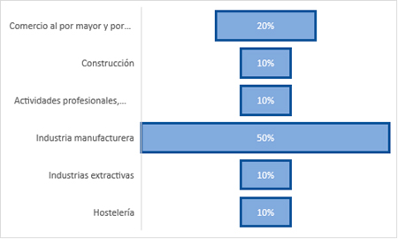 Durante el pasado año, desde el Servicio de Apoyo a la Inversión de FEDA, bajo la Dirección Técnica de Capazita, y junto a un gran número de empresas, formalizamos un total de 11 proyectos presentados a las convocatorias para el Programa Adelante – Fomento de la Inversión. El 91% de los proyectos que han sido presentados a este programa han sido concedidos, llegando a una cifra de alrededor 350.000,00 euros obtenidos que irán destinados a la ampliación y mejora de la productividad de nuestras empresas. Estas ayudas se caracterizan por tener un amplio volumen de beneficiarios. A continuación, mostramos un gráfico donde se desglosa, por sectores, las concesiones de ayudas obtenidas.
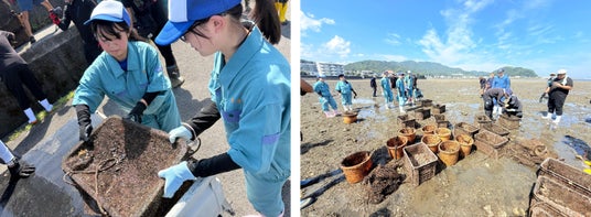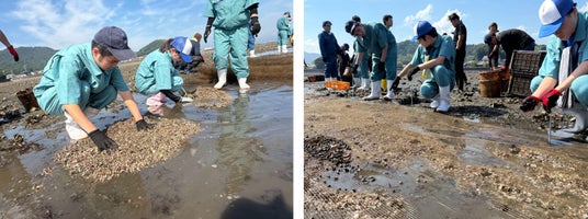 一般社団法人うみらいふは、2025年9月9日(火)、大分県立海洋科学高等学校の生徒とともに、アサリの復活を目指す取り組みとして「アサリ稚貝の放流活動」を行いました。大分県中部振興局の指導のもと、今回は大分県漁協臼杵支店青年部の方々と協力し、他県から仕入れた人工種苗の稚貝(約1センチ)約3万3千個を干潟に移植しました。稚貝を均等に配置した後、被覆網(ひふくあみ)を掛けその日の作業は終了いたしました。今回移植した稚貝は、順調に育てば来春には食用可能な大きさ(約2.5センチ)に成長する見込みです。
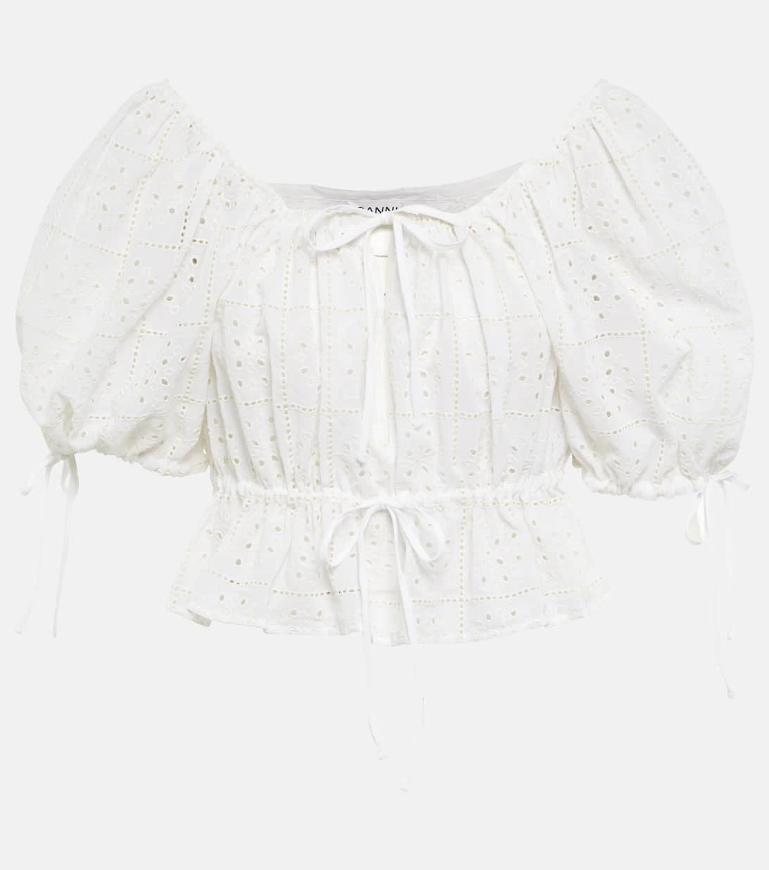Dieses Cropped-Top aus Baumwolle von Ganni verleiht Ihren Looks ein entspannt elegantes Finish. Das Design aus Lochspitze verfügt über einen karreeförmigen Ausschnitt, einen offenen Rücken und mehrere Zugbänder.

* * *

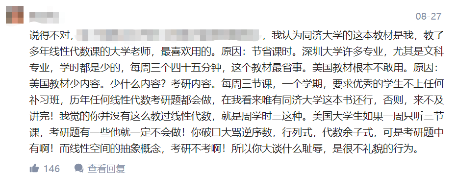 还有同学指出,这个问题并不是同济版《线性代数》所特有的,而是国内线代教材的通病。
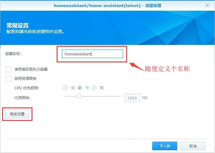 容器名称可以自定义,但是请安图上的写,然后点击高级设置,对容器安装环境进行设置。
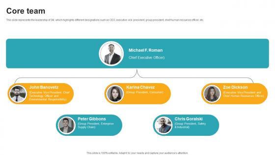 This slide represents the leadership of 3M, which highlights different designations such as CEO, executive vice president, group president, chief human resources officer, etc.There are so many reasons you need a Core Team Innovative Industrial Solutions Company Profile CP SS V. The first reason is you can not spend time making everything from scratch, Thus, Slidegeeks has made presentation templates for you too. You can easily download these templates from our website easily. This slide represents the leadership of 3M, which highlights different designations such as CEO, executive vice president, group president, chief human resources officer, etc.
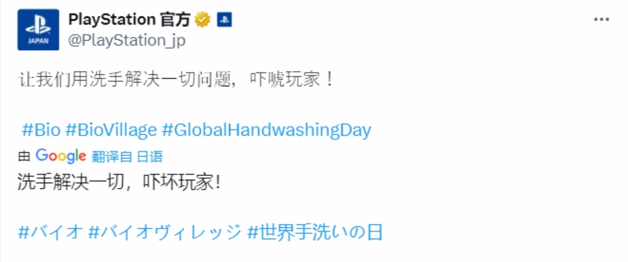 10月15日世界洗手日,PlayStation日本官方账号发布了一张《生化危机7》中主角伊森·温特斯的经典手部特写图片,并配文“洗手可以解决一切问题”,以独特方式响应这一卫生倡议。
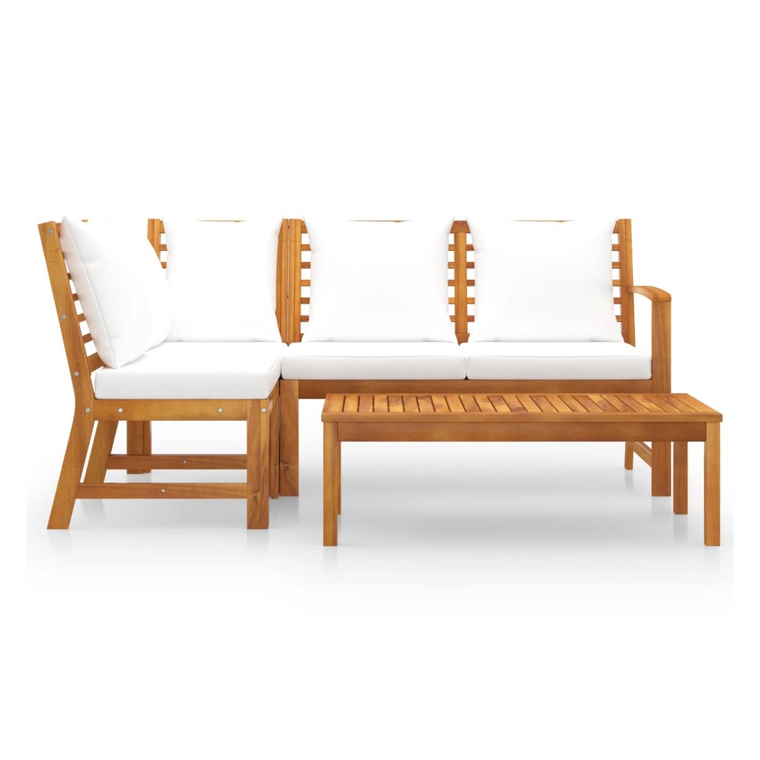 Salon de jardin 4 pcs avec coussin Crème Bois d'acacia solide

--

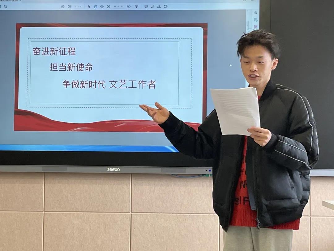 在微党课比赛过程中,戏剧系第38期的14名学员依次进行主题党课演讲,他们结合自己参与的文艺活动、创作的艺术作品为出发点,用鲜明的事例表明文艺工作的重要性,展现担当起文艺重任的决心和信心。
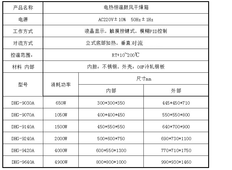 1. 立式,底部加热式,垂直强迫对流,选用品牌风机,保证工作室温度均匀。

◆ **Exercise objective**: I'd like the lines above repeated exactly, from the one that contains "在微党课比赛过程中,戏剧系第" through the one that contains "1. 立式,底部加热式,垂直强迫对流,选用品牌风机,保证工作室温度均匀。", with no pictures.

◆ **Response to this task**:
 在微党课比赛过程中,戏剧系第38期的14名学员依次进行主题党课演讲,他们结合自己参与的文艺活动、创作的艺术作品为出发点,用鲜明的事例表明文艺工作的重要性,展现担当起文艺重任的决心和信心。
 1. 立式,底部加热式,垂直强迫对流,选用品牌风机,保证工作室温度均匀。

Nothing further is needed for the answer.